The code for making this plot for the rest of the series is in the hidden cell below (it's basically the last several cells glued together). The next cell produces a set of subplots for all the series.

In [None]:
def character_location_plot(series, size, regulars, locations=10, drop_Bridge=True, ax=None):
    #series: 'TNG', 'TOS', etc.
    #size: ordered pair for size of the axes to draw on
    #regulars: how many characters to keep
    #locations: how many locations to keep, including the Bridge regardless of drop_Bridge
    #drop_bridge: whether to eliminate the Bridge from consideration
    #ax: pass in an Axis to drop the graph into; otherwise, one is created for this plot
    series_lines = lines.loc[lines.series==series]
    series_pivot = series_lines.pivot_table(values='line', index='character', 
                                  columns='scene_loc', aggfunc='count').fillna(0).astype('int')
    series_pivot['row_sum'] = series_pivot.apply(sum, axis=1)
    series_pivot.sort_values(by='row_sum', ascending=False, inplace=True)
    series_regulars = series_pivot.iloc[:regulars,:]
    series_regulars.loc['total'] = series_regulars.sum()
    series_regulars.sort_values(by='total', ascending=False, axis=1, inplace=True)
    series_regulars_locations = series_regulars.iloc[:,:locations+1]
    heat_map_table = series_regulars_locations.div(series_regulars_locations.row_sum, axis=0)
    heat_map_table.drop(index=['total'], columns=['row_sum'], inplace=True)
    if drop_Bridge:
        heat_map_table.drop(columns=['Bridge'], inplace=True)
    if ax==None:
        figure, ax = plt.subplots(figsize=size)
        heat_map_table.index.names=['Character']
        heat_map_table.columns.names=['Location']
    else:
        heat_map_table.index.names=['']
        heat_map_table.columns.names=['']
    g = sns.heatmap(heat_map_table, vmin=0, vmax=0.16, cmap='coolwarm', ax=ax, robust=True)
    g.set_xticklabels(g.get_xticklabels(), rotation = 45, ha='right')
    g.set_yticklabels(g.get_yticklabels(), rotation = 0)
    g.set_title(series, fontsize=14, fontweight='bold')
    return g

In [None]:
fig, [[ax_TOS, ax_TAS], [ax_TNG, ax_DS9], [ax_VOY, ax_ENT]] = plt.subplots(3,2, figsize=(15,18))
fig.subplots_adjust(hspace=0.4, wspace=0.4)
plt.suptitle('Character locations in Star Trek', fontsize=16, fontweight='bold')
character_location_plot('TOS', (7,6), 7, locations=8, ax=ax_TOS)
character_location_plot('TAS', (7,6), 7, locations=6, ax=ax_TAS)
character_location_plot('TNG', (7,6), 8, ax=ax_TNG)
character_location_plot('DS9', (7,6), 11, drop_Bridge=False, ax=ax_DS9)
character_location_plot('VOY', (7,6), 10, ax=ax_VOY)
character_location_plot('ENT', (7,6), 7, ax=ax_ENT)

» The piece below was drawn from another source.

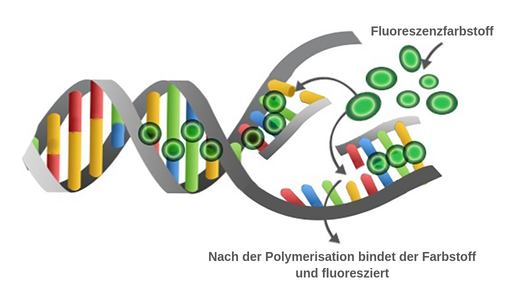 Während desqPCR-Experiments wird die Ziel-DNA genau wie bei einer normalenPCR-Reaktionwiederholt kopiert. Das SYBR-Green in der Mischung bindet an die doppelsträngigen DNA-Moleküle und macht sie fluoreszierend. Am Ende eines jeden Verlängerungsschritts wird ein Foto gemacht und die Stärke der Fluoreszenz quantifiziert.

There's some fun little tidbits in all of these.

* TOS really leaned on going to see McCoy in Sickbay (it was the most popular non-Bridge location!), but McCoy also got out and about more than any other doctor--all the others max out the scale in Sickbay.
* You can see the imprints of a couple of romances; Kes and Neelix have a neat little reciprocal corner on VOY, and T'Pol's Quarters are dark blue for everyone but T'Pol and Tucker. Ditto Crusher in Picard's Quarters, which is more dubious.
* Troi spends a lot of time in Ten Forward, maybe evidence of the writers not really knowing what to do with her (on the flip side, remember how drunk she got in *First Contact*?).
* ENT's Tucker is really the only engineer to break out of spending tons of time in Engineering.
* VOY really pigeonholed its crew members--five of them spend a scale-breaking amount of time somewhere.